**Task item:** Using the data below, set down every line from the one containing "这场比赛将成为未来体育赛事新标杆吸引全球球迷热烈关注" through the one containing "Vintage English Woman", inclusive and unchanged. Pictures are to be skipped.

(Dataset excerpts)
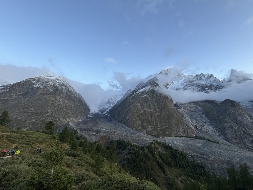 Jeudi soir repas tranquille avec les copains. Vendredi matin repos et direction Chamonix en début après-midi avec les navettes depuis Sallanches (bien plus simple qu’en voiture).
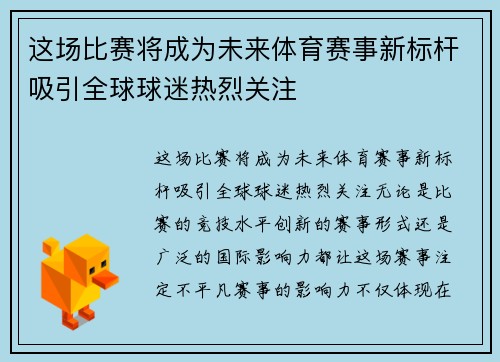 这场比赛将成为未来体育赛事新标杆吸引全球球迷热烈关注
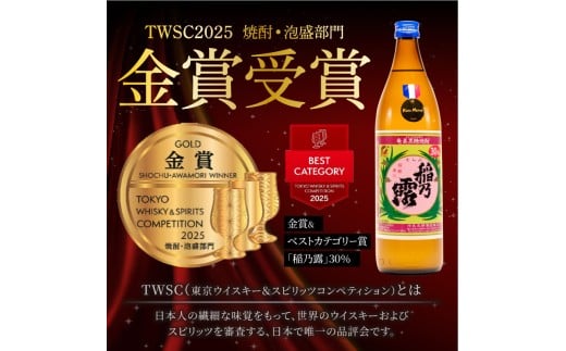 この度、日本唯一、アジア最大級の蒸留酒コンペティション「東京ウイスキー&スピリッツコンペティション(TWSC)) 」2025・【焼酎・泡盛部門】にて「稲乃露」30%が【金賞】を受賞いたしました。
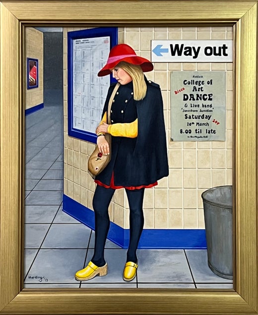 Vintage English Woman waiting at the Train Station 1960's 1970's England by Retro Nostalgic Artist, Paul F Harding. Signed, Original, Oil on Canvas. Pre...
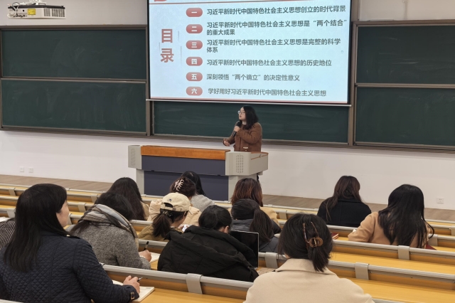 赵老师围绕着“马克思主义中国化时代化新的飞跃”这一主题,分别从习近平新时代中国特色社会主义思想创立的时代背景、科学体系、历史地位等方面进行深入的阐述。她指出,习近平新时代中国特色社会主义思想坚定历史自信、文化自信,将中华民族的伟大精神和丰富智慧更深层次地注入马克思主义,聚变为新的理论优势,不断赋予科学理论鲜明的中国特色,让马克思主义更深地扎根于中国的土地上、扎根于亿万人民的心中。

...

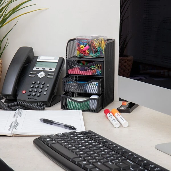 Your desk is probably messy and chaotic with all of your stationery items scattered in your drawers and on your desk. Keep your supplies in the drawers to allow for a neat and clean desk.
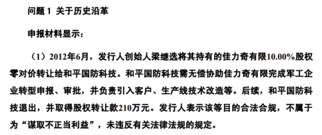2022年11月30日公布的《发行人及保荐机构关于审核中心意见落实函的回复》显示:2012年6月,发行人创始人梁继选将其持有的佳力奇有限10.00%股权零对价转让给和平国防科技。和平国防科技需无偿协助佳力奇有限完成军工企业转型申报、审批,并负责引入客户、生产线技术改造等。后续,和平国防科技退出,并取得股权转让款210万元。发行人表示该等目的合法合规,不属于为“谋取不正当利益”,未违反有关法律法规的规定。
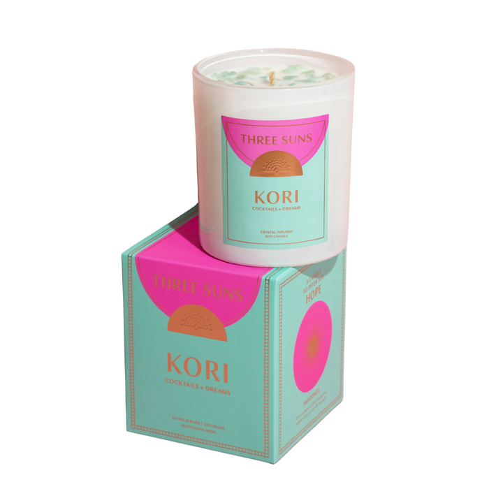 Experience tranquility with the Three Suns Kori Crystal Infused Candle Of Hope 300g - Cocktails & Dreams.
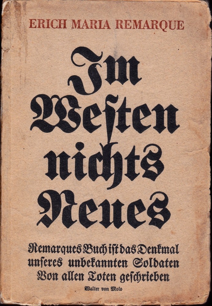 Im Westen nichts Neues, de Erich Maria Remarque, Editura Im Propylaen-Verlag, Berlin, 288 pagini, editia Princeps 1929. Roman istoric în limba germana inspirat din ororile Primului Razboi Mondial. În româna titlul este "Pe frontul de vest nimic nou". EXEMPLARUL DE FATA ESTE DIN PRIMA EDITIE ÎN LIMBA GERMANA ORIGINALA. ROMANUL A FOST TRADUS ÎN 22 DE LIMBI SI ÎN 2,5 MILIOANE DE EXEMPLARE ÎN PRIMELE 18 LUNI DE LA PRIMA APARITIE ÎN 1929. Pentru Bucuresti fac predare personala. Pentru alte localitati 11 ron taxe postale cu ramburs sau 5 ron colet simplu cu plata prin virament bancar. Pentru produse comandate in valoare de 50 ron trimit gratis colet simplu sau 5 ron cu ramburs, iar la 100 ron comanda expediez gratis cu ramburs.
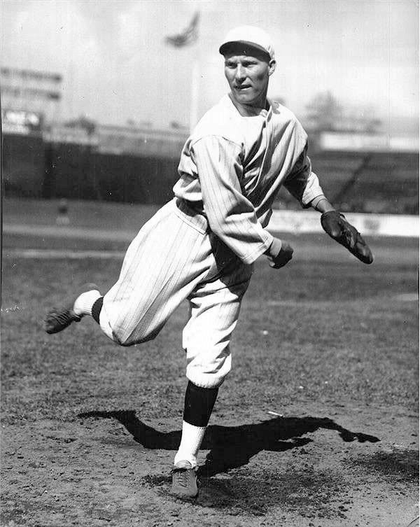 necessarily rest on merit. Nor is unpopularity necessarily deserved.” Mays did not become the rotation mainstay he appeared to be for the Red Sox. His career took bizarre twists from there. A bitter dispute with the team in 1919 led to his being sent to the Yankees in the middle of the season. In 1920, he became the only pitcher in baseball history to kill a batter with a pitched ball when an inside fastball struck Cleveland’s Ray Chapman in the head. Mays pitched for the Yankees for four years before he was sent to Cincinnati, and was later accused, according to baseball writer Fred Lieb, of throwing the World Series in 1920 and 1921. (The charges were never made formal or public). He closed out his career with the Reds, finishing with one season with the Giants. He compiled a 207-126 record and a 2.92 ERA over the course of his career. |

**Response:**
 这场比赛将成为未来体育赛事新标杆吸引全球球迷热烈关注
 この度、日本唯一、アジア最大級の蒸留酒コンペティション「東京ウイスキー&スピリッツコンペティション(TWSC)) 」2025・【焼酎・泡盛部門】にて「稲乃露」30%が【金賞】を受賞いたしました。
 Vintage English Woman waiting at the Train Station 1960's 1970's England by Retro Nostalgic Artist, Paul F Harding. Signed, Original, Oil on Canvas. Pre...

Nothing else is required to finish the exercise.